ケンはそう言って俺の手を取り、勢いをつけて引いた。
想像もしていなかった力が働いて、ろくな構えも取れないまま身体が傾く。


「わっ?!」

「さっきは心配したんです……ホント。
あ~今回も良いところ見せられなくて、もうダメダメっすね」


「ちょ、ケン……?」


強く引かれた反動で、ケンの胸に身体を預けている状態になっている。
そんな状況でも、ケンはそのまま話し続けるもんだから、俺としては気が気じゃない。


「ユウさん、またピンチになる事があれば、全力で助けますから……俺、ユウさんに頼られたい」

「え、その……いつも頼りにしてるぞ?」

「もっと、も~っと!頼りにして下さい。まだ俺が巻き込んじゃった分の責任を果たせてないんです……だから、ね?」


目に見えてしょぼくれるケンに、垂れ下がった耳と尻尾を見た。
動物が嫌いではない俺は、シュンと垂れた耳(幻覚)を見せられるとどうも弱い。


(だけど、もう既に情報面でも色々助けて貰ってるのに、更に何を頼れば良いんだ……?)

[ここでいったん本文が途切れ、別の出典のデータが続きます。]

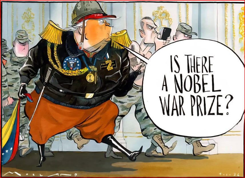 First the facts: the US government attacked a sovereign nation, removed its leader and has declared that we will now run Venezuela. This is called occupation and the last couple of times we tried this, it ended badly. Did I miss that elusive and requisite Declaration of War from Congress? I’m pretty sure I would have seen something that big in my news feed! At this moment it is also quite clear that we started this war with Venezuela, with the full intention of giving US oil supermajors control over Venezuelan fossil fuel resources. Yes, we just allowed a sitting president to start a war, occupy a nation, steal its resources and then dictate his terms to the Venezuelan people. I guess that POTUS doesn’t really want that Nobel Peace Prize after all. Okay, I confess to a bit of satire in my comments.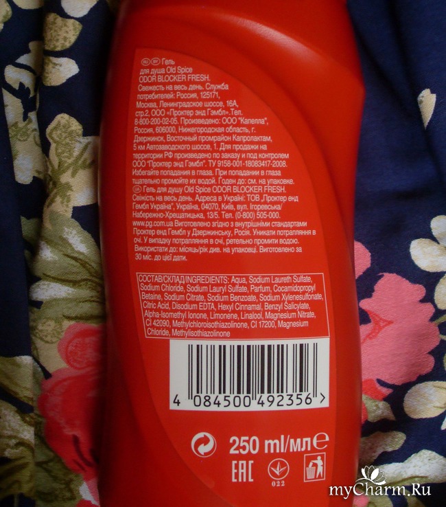 Гель для душа Old Spice выпускается в небольшом формате – всего 250 мл. Флакон со средством средней величины, одна сторона которого оформлена срезом, чтобы было удобно держать его в руках. Дизайн геля, как и положено мужским средствам, в минималистическом стиле. Здесь нет громких обещаний и высокопарных слов, как при оформлении женской косметики - все четко и по существу.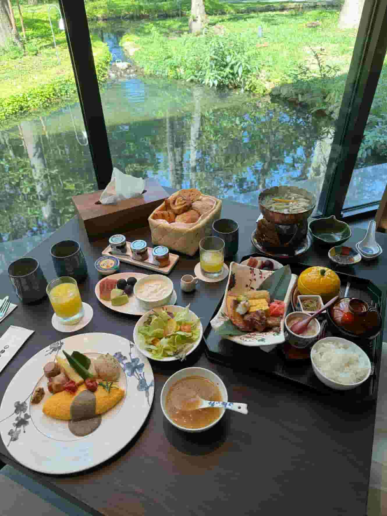 「浴後休息區」位於大眾池旁,窗外望去就是水之庭院✨庭園中,茂密的樹林和靜謐的水塘交相輝映,搭配午後的飲品及小點,觀賞水塘中盛開的睡蓮,享受愜意的休憩時刻😍!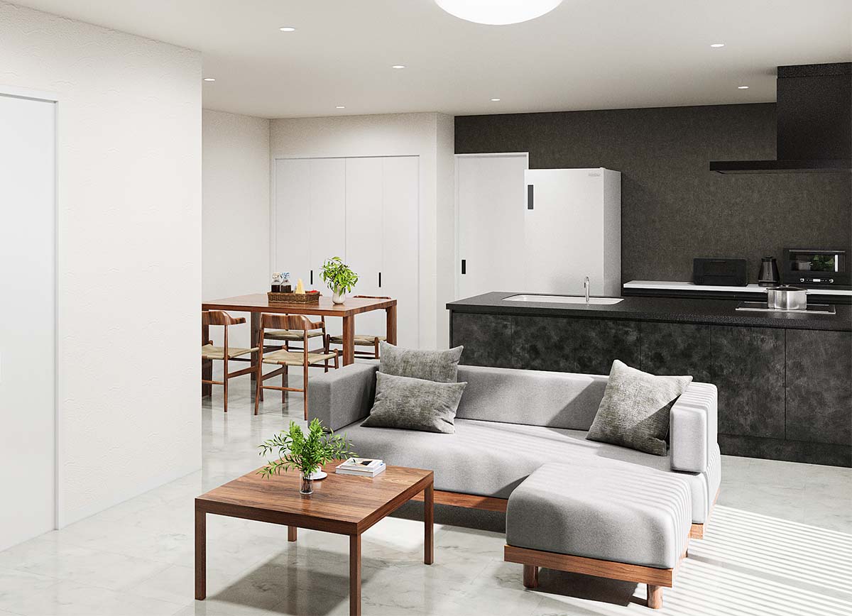 セラミックワークトップの美しさと耐久性を兼ね備えたキッチン。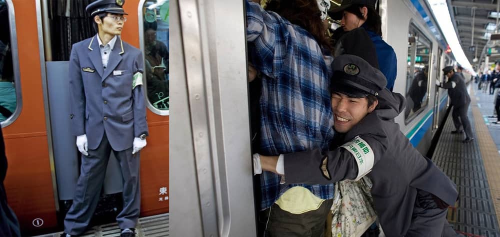 Nghe có vẻ mông lung như một trò đùa nhưng đây là một nghề hoàn toàn có thật ở Nhật Bản. Tàu điện ngầm ở đây luôn trong tình trạng kẹt cứng do nhu cầu đi lại cao, đặc biệt là vào những giờ cao điểm. Nghề này nhìn chung không cần kinh nghiệm gì, vừa có thu nhập lại vừa được luyện cơ bắp miễn phí. Các hành khách chỉ việc đứng yên một chỗ để nhân viên nhà ga đẩy họ vào trong khoang tàu, sao cho cửa tàu có thể đóng khít.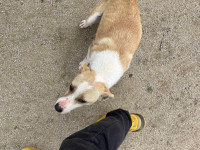 Apollo kam in unsere Protectora, nachdem er tagelang allein umherirrte, sich den Leuten näherte und um Essen bettelte... seine Ankunft in der Protectora war sehr stressig für ihn, nachdem wir ihn sichern konnten.

発言の意図を咀嚼出来ないまま頷くと、ケンは満面の笑みを浮かべて「じゃ!」っと手を軽く振り、目にも止まらぬ速さで来た道を引き返していった。
俺はその風のような逃げ足を、ぼうっと眺めるしかない。

……まだ、触れていた場所に微かな熱が残っている。


(距離が近すぎて、話が全然頭に入ってこなかった)


人と接近して話す事に慣れていない俺は、少し浮ついた気持ちのまま、今度こそ村へと足を踏み出した。


*********


「イアンさん、戻りました!」

「……ユウ」


イアンさんは既に帰宅していたらしく、炊事場に立っていた。
俺が部屋に入って来たことを認めると、手招きをして呼び寄せてくる。


「?どうしたんです……か……」

「これ、飯」


イアンさんが指差す先には、フライパンのような調理器具で熱されたスープがグツグツと音を立てている。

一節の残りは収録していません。